Книга Чешское время. Большая история маленькой страны: от святого Вацлава до Вацлава Гавела, страница 121. Автор книги Андрей Шарый

Разделитель для чтения книг в онлайн библиотеке

Онлайн книга «Чешское время. Большая история маленькой страны: от святого Вацлава до Вацлава Гавела»

Cтраница 121

Чешское время. Большая история маленькой страны: от святого Вацлава до Вацлава Гавела

Пражский яхт-клуб, вид со стены крепости Вышеград


О метаниях Цветаевой в Праге написано много всего, так что колеблешься, как поступать с этим массивом информации: неправильно вообще обходить вниманием прекрасного поэта, светоч нашей юности, но и повторять стократно изреченные банальности не хочется. Предприму попытку краткого экскурса, укрывшись за броней мнения знатока цветаевского творчества Галины Биновой, которая не один десяток лет изучала славянские литературы из университета в Брно: «И здесь она жила в оппозиции всему — новой жизни, литературному и эмигрантскому окружению, для которого стихи ее оставались непонятными… Здесь, как и всюду, она чувствовала себя изгоем, чему содействовали неупорядоченный быт, бесконечные переселения, полунищенское существование, неудовлетворительная личная жизнь».

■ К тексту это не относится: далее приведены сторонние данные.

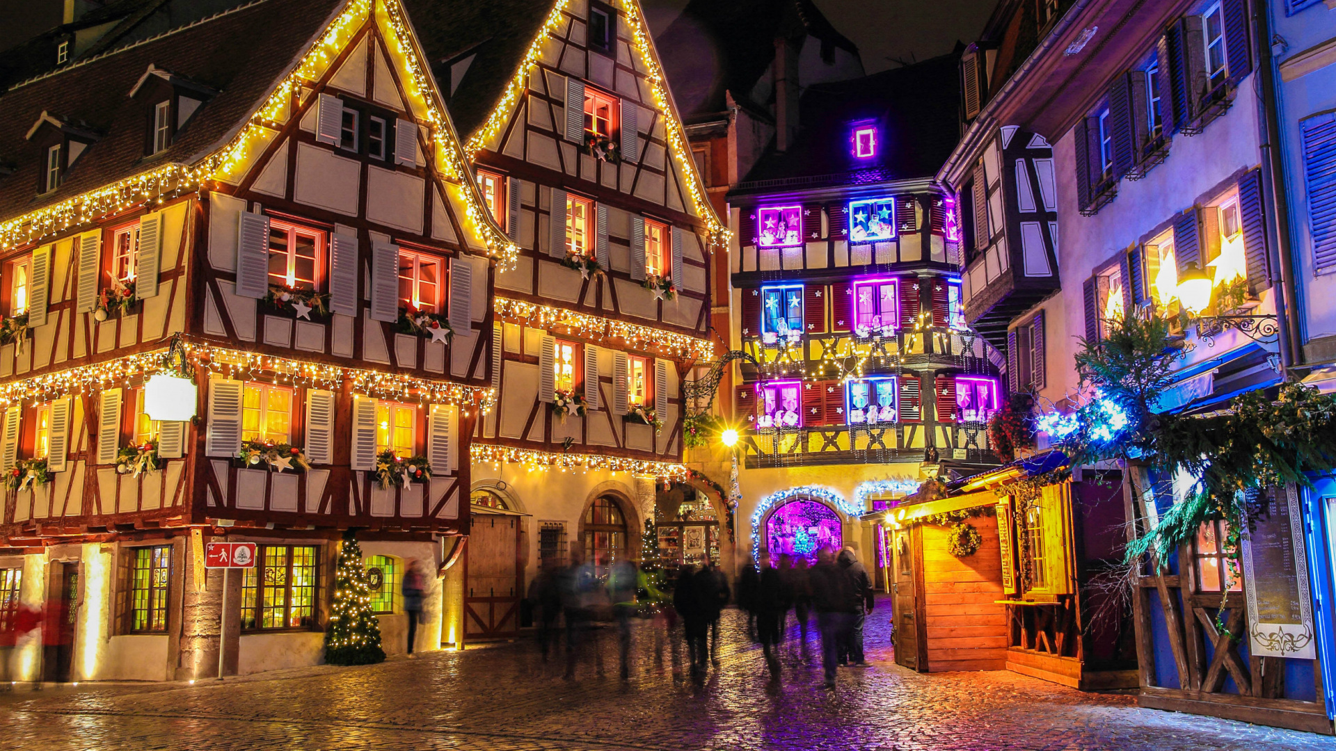 Обои 1920x1080 Christkindelsmrik Страсбург, Рождественский рынок, Рождественский день, ночь, городок, Full HD, HDTV, 1080p 16:9 картинка
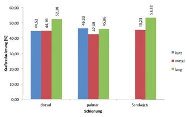 Insgesamt klar herauszustellen ist die verminderte Wirksamkeit der kurzen Modelle. In Bezug auf die Gelenkkraft stellt die kurze Variante einer palmaren Schienung zwar sogar das beste Konzept dar; auch bei dorsaler Schienung ist der Unterschied zwischen kurzer und mittlerer Variante minimal. Dennoch erreichen bei zusätzlicher Betrachtung des Extensionswinkels des Handgelenks die längeren Varianten deutlich bessere Ergebnisse. Daher wurde auf die Modellierung einer kurzen Sandwichvariante verzichtet.
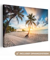 Le soleil se couche sur une plage tropicale Toile 120x80 cm - Tirage photo sur toile (Décoration murale salon / chambre) / Mer et plage

Марина Ивановна Цветаева, 29 лет, приехала в Прагу летом 1922 года на воссоединение к мужу, студенту Карлова университета, бывшему офицеру-деникинцу и будущему агенту НКВД Сергею Эфрону, вместе с 10-летней дочерью Ариадной, которую ее родители вскоре поместили в интернат для русских детей в Моравске-Тршебове. Младшая дочь Цветаевой, двухлетняя Ирина, умерла в разгар гражданской войны от голода в подмосковном приюте, куда ее сдала отчаявшаяся мать.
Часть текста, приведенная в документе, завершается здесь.